ACE230 Contemporary topics in geomechanics lp1 HT23 (7.5 hp)
The course is offered by the Department of Architecture and Civil Engineering
- examiner: Ayman Abed (email@example.com)
- lecturers: Minna Karstunen (firstname.lastname@example.org) and Dawn Wong (email@example.com)
- study administrator: Ingrid Engström (firstname.lastname@example.org)
The aim of the course is to equip the student with advanced knowledge in geomechanics to deal with the future societal challenges related to climate change and net zero carbon, especially in the context of urbanisation, renewable energy and the new generation of railways (high speed rail). Geomechanics for climate resilience expands the students’ geotechnical knowledge to mechanics for partially saturated soils, covering issues with wetting collapse of fill materials and slope stability when losing suction (negative pore pressures) due to heavy rainfalls, as well as conventional and nature-based slope mitigation solutions. Increasing construction underground as part of urbanisation requires expertise in tunnelling methods (in soils and rocks) as well as their environmental effects. The need for constructing on poor ground conditions benefits from experience on ground improvement (GI) techniques as alternatives for piles, resulting in reduced embodied CO2eq and contributing toward net zero. Finally, given the plans for high speed rail and issues with foundations for renewable energy, basic concepts on soil dynamics will be introduced.
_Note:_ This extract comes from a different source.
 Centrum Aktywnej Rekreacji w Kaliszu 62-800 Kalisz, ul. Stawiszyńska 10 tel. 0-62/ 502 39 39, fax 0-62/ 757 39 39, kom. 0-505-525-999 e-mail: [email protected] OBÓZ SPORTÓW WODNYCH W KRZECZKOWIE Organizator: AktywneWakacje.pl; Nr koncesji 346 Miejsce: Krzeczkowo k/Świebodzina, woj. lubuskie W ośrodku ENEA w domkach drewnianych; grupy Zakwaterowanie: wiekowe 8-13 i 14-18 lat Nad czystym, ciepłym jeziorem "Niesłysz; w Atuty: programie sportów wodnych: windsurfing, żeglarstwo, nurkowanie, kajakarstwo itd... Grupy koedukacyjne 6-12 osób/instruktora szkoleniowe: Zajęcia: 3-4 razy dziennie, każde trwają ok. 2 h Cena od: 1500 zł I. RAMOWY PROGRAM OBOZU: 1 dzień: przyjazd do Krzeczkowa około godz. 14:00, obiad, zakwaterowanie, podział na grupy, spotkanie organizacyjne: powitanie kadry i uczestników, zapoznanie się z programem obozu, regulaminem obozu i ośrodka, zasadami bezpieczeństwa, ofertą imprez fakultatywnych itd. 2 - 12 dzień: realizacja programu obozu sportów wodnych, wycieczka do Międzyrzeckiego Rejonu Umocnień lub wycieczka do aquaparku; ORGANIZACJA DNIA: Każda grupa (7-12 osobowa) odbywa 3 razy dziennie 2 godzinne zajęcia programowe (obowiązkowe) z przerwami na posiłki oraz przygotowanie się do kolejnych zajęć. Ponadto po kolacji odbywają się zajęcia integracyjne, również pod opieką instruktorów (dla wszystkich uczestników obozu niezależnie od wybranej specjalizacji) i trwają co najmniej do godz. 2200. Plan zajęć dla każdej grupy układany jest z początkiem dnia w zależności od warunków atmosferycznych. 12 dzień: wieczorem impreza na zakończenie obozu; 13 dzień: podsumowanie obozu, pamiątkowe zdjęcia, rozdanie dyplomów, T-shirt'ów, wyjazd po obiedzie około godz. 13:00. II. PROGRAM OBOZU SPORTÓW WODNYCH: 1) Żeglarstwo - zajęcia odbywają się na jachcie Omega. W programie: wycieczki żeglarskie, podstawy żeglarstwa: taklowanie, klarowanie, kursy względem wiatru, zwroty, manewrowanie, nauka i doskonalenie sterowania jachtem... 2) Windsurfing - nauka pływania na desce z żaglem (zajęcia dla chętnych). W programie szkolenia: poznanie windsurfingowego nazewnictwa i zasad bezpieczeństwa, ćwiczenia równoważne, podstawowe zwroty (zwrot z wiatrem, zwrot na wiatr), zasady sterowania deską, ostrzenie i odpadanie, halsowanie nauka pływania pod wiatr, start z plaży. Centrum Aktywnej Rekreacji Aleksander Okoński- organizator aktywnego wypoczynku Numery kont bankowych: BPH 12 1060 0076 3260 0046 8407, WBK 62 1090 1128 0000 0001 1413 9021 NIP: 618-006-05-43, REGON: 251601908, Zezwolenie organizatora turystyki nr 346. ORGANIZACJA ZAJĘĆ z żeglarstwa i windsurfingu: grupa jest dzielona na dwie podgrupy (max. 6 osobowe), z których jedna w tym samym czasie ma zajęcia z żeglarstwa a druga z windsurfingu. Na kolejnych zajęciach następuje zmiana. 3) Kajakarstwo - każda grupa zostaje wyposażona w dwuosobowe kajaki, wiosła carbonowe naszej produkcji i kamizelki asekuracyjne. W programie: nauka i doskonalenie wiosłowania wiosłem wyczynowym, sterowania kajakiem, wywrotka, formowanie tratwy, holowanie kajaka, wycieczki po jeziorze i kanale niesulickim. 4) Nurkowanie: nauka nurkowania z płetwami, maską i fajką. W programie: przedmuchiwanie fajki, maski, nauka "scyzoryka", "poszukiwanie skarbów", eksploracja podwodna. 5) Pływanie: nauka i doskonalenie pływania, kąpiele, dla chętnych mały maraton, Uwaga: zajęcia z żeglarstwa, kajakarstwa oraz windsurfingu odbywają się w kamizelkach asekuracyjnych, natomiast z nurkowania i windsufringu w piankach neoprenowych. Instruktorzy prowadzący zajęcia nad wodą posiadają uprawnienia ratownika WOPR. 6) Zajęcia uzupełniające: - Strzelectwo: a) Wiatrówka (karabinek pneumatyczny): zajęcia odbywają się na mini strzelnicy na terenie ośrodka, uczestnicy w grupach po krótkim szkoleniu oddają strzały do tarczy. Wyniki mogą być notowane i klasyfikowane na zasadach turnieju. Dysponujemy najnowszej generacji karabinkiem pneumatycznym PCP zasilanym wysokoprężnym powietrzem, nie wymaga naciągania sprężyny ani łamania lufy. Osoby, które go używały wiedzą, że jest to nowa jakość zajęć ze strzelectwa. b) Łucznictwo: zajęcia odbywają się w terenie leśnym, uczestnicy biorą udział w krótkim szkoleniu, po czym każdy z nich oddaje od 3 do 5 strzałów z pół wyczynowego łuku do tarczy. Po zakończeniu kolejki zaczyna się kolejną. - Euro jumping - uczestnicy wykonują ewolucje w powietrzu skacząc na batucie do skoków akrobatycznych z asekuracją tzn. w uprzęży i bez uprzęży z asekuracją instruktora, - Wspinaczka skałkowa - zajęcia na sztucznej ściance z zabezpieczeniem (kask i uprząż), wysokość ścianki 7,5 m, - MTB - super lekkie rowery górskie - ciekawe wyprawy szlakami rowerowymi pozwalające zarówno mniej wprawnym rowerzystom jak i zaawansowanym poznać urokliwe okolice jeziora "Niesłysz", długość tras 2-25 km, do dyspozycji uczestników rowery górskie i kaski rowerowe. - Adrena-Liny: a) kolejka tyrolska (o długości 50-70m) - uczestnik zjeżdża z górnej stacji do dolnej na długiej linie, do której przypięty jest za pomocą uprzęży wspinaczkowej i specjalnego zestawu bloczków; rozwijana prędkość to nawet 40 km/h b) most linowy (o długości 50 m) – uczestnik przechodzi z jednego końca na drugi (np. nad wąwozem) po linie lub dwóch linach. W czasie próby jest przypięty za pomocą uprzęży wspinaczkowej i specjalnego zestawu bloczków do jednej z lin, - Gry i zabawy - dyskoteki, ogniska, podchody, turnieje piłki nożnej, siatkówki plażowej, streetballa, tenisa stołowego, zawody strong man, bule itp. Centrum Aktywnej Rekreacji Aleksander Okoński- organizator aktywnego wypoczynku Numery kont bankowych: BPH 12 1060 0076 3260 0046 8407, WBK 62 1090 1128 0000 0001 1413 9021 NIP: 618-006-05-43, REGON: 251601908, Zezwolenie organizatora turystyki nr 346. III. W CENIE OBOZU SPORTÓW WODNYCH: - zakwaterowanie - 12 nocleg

- Fredlund, D.G., Rahardjo, H. and Fredlund, M.D., 2012. Unsaturated soil mechanics in engineering practice. John Wiley & Sons. (available as e-book)
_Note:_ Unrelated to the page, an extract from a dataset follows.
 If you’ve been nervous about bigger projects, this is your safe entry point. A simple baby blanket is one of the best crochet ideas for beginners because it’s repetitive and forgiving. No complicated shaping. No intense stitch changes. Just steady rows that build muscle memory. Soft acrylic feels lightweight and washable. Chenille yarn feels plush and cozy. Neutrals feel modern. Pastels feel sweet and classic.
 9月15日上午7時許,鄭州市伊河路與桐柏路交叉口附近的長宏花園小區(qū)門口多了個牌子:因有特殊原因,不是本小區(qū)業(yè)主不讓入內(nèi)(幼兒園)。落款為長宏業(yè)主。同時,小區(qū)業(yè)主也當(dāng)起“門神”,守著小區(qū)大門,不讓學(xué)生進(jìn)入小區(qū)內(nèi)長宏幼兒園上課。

- Ground improvement, Klaus Kirsch, Klaus & Alan Bell (Editors), 2013. Third Edition, CRC Press, Taylor & Francis Group, London. (available as e-book)
- Soil Improvement and Ground Modification Methods, 2014, Peter G. Nicholson, Butterworth-Heinemann. (available as e-book)
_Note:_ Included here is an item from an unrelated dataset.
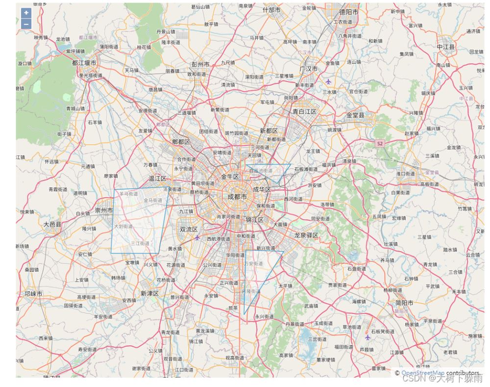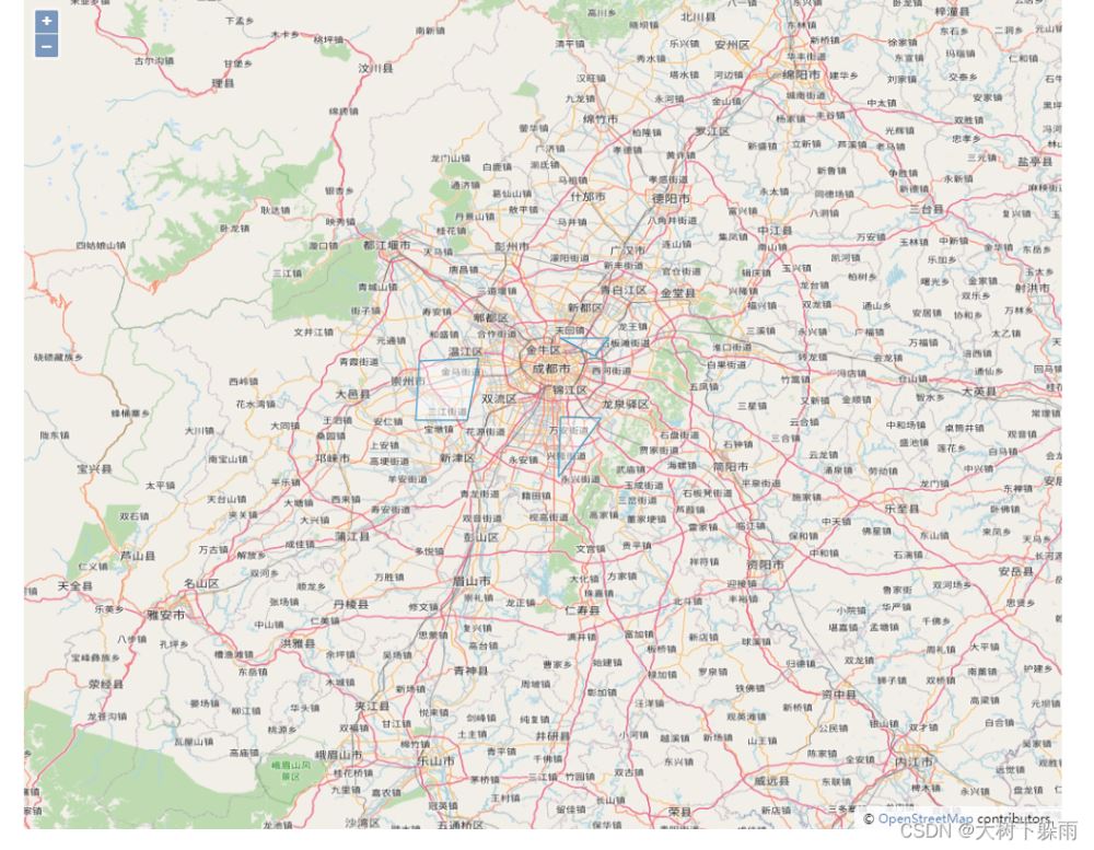 {"type":"FeatureCollection","features":[{"type":"Feature","properties":{},"geometry":{"type":"Polygon","coordinates":[[[104.08859252929688,30.738294707383368],[104.18060302734375,30.691068801620155],[104.22042846679688,30.739475058679485],[104.08859252929688,30.738294707383368]]]}},{"type":"Feature","properties":{},"geometry":{"type":"Polygon","coordinates":[[[104.08859252929688,30.52323029223123],[104.08309936523438,30.359841397025537],[104.1998291015625,30.519681272749402],[104.08859252929688,30.52323029223123]]]}},{"type":"Feature","properties":{},"geometry":{"type":"Polygon","coordinates":[[[103.70269775390624,30.675715404167743],[103.69308471679688,30.51494904517773],[103.83316040039062,30.51494904517773],[103.86474609375,30.682801890953776],[103.70269775390624,30.675715404167743]]]}}]}

- Requirements and recommendations from Trafikverket (TK-GEO & TR-GEO)
The course will be taught through lectures, tutorials (including computer tutorials), and consultation for design projects. The coursework assignments will be done in groups, with some parts assessed individually.
Changes made since the last occasion
No major changes since last year.
Learning objectives and syllabus
- Understand the principle of effective stresses in a partially saturated state (single Bishop’s effective stress measure versus two independent stress measures).
- Recognise the effect of partial saturation on the shear strength and stiffness of soil.
- Use conventional methods to estimate the slope stability with partial saturation effect.
- Apply conventional method(s) to estimate 1D soil collapse/swelling due to variation in suction.
- Describe the principles of various tunnelling methods in soils and rocks, and understand the main challenges and environmental effects.
- Understand the principles and execution of various ground improvement techniques, in order to be able to select the most appropriate methods for a given problem from a technical and sustainability point of view.
- Apply the best practice in designing ground improvement.
- Understand the additional geotechnical challenges in the construction of new railways (high speed rail) and foundations for renewable energy, related to soil dynamics.
Link to the syllabus on Studieportalen.
The grading is based on two design projects (on ground improvement & slope stability, respectively) graded Fail, 3, 4, 5. The projects are done in groups with some parts graded as individual. In addition, the students need to hand-in an assignment related to soil dynamics at a satisfactory level (Fail/Pass).